§ Items listed in a dataset

============================================================

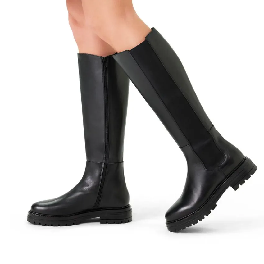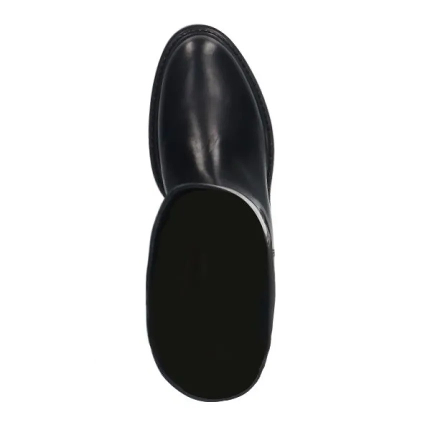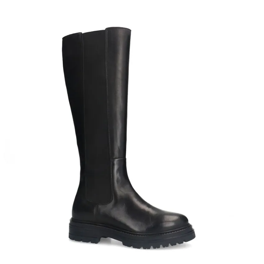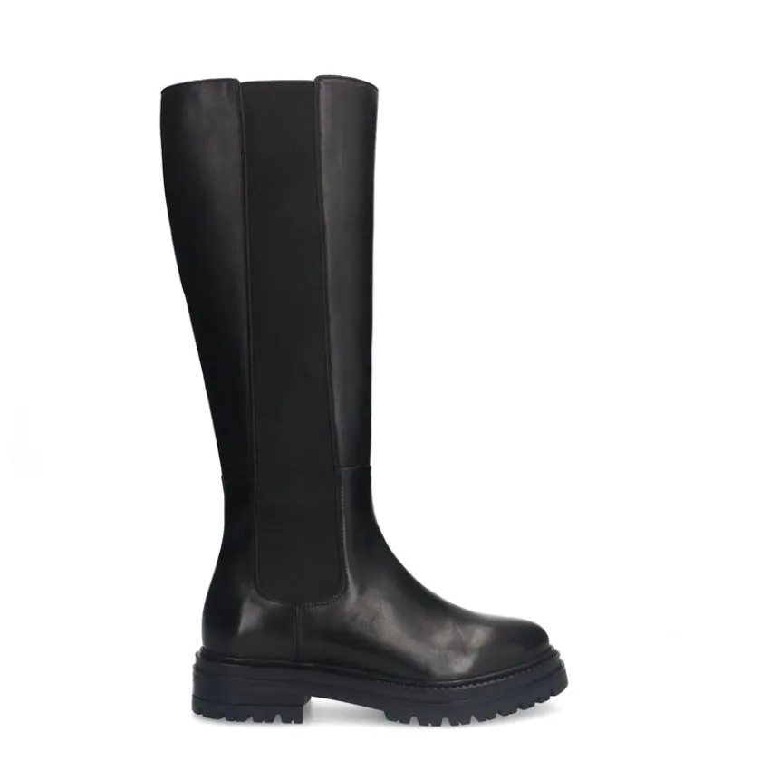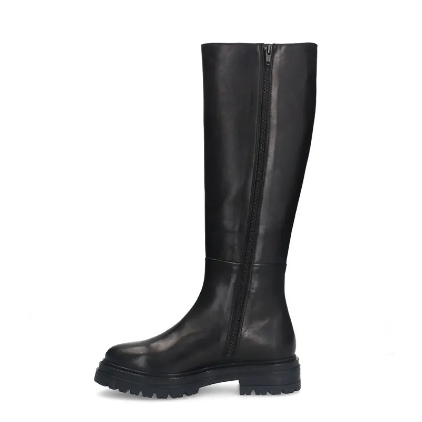 Zwarte leren hoge laarzen van Manfield met ritssluiting aan de binnenzijde. De laarzen hebben een schachthoogte van 40 cm en een schachtomtrek van 38 cm, gemeten bij een maat 37. We adviseren als verzorging en bescherming de Collonil Carbon Pro.
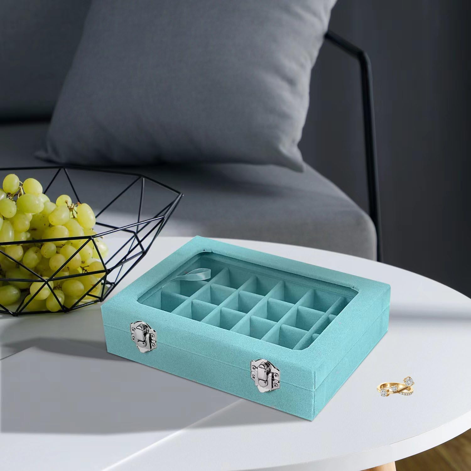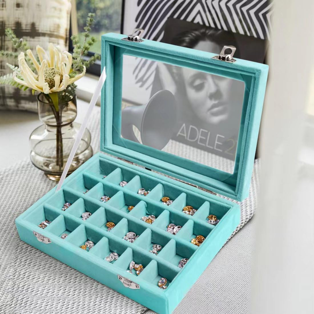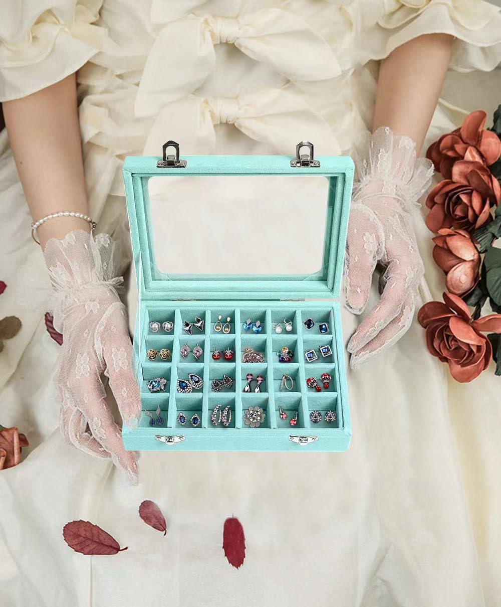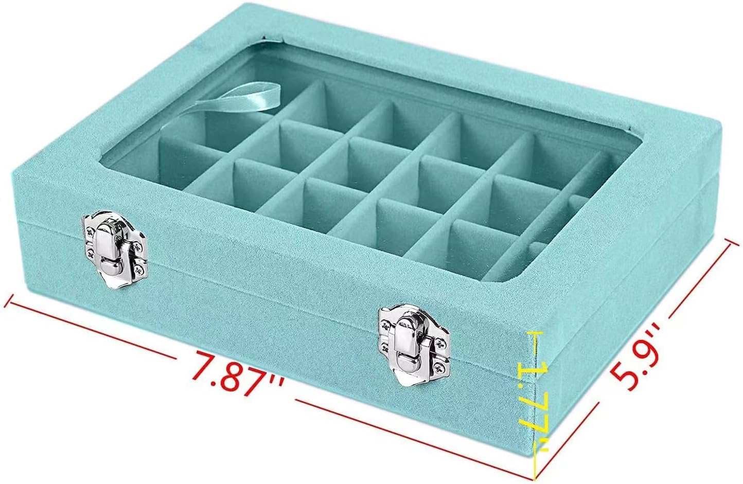 Jewelry Box 24 Grid Velvet Earrings Holder Tray Detachable Earring Case Jewelry Showcase for Drawers Glass Clear Lid Organizer Jewelry Display Storage Ring Trays (Light Blue)
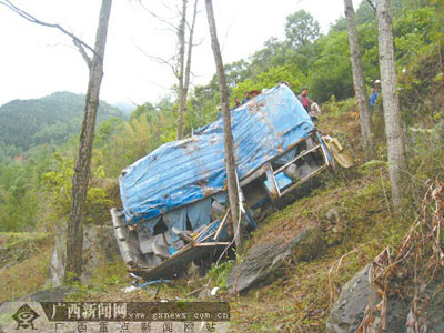 東蘭訊 4月22日上午9時(shí)許,一輛由大化瑤族自治縣七百弄鄉(xiāng)開(kāi)往河池市的客運(yùn)中巴車,在途經(jīng)東蘭縣花香鄉(xiāng)干來(lái)村時(shí)突發(fā)機(jī)械故障,導(dǎo)致車輛滾下90米長(zhǎng)陡坡(垂直高度40米)。事故造成車上7名乘客先后死亡,35人不同程度受傷。
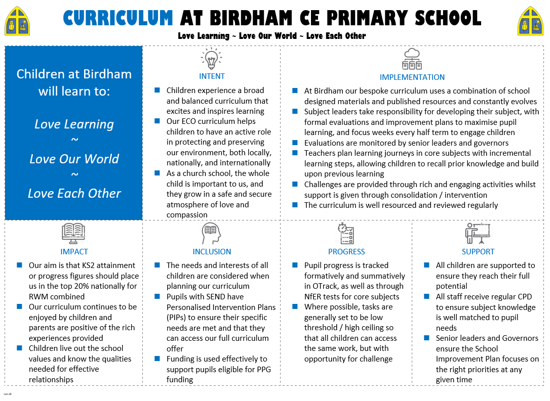 Birdham CE Primary School, along with nearly all schools nationally, teaches the statutory National Curriculum. We are constantly reviewing our curriculum provision to ensure it meets the needs of all our pupils who are currently in school. This type of adapted curriculum therefore changes slightly every year, but we actively seek external moderation and collaborate with other local schools to ensure our offer is always excellent and the best it can possibly be.
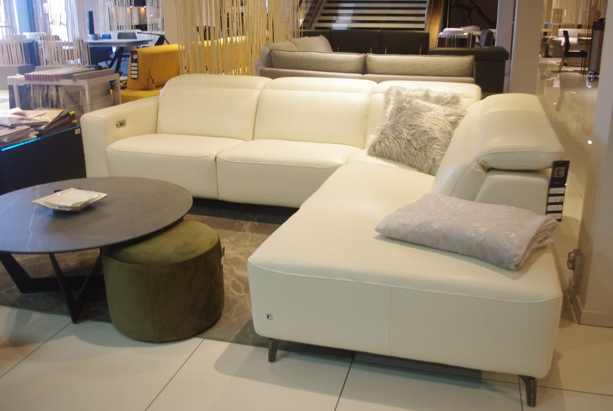 Elegancki nowoczesny narożnik wykonany z grubej, miękkiej białej skóry S4 TC 01.
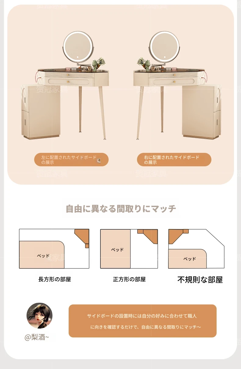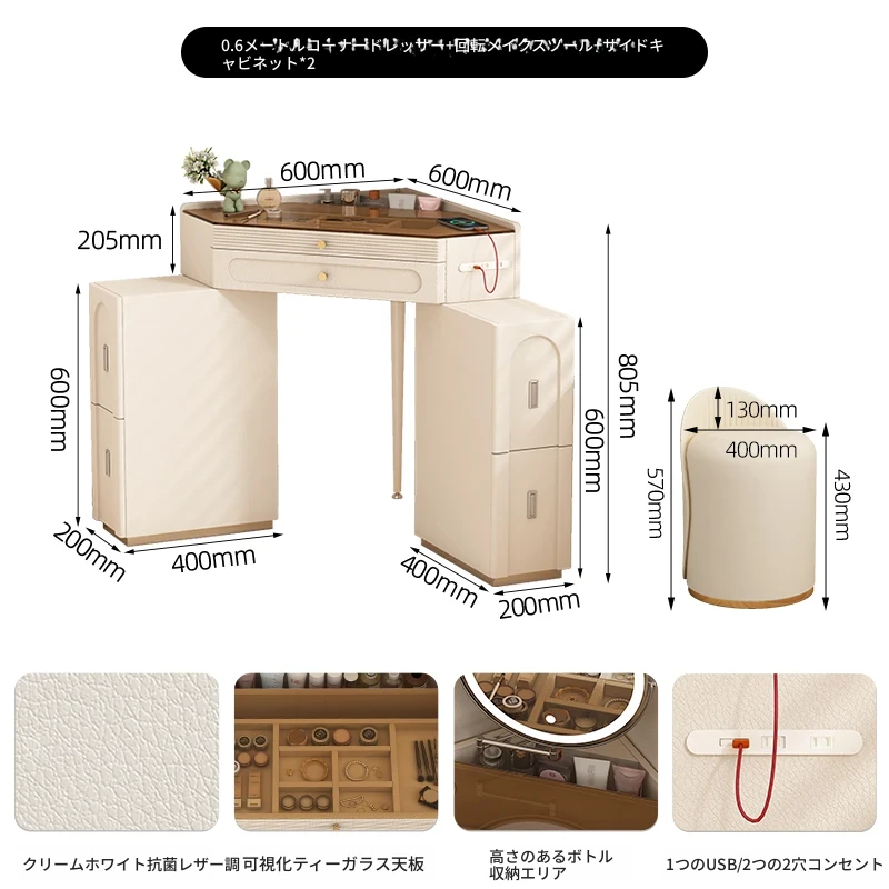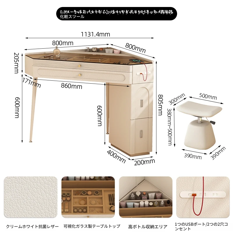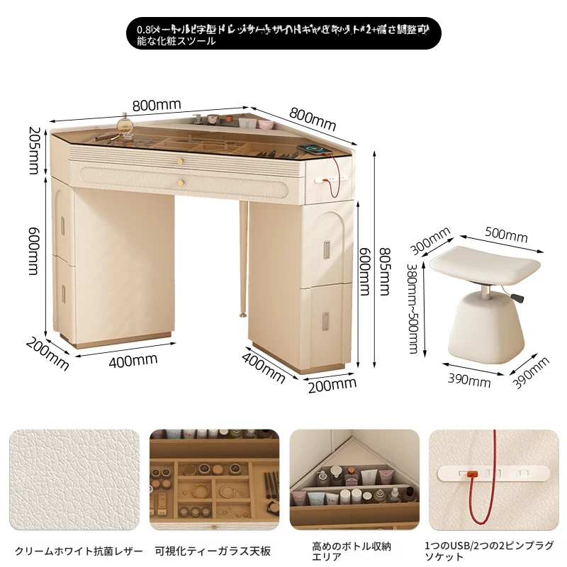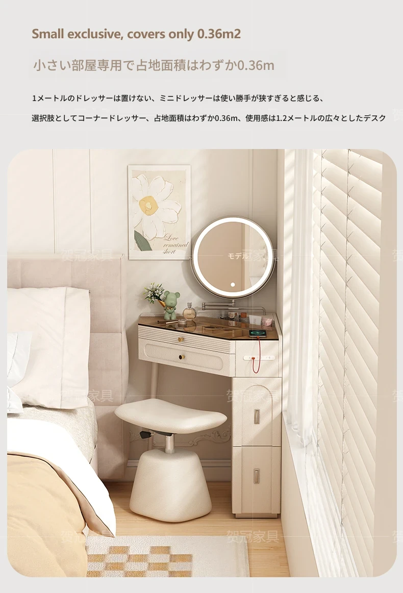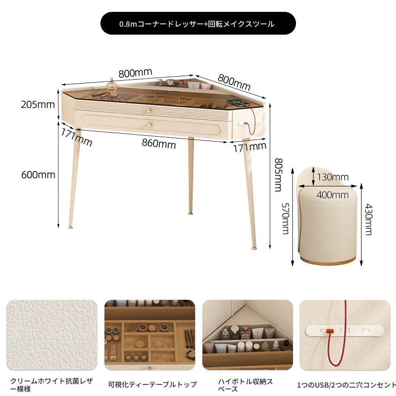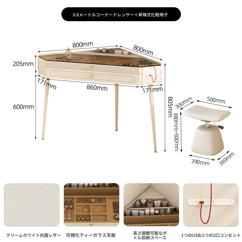 【魅力アップ!】クリーム風デザインの大人用デスク&収納一体型キャビネット:省スペースで機能的なリビングや小さな寝室にぴったりのコーナーデスク!

============================================================

§ Work instructions
Before answering, find the line with "Jewelry Box 24" in the records above; then reproduce exactly each line from the first through that line, leaving out pictures.

§ Problem solution
 Zwarte leren hoge laarzen van Manfield met ritssluiting aan de binnenzijde. De laarzen hebben een schachthoogte van 40 cm en een schachtomtrek van 38 cm, gemeten bij een maat 37. We adviseren als verzorging en bescherming de Collonil Carbon Pro.
 Jewelry Box 24 Grid Velvet Earrings Holder Tray Detachable Earring Case Jewelry Showcase for Drawers Glass Clear Lid Organizer Jewelry Display Storage Ring Trays (Light Blue)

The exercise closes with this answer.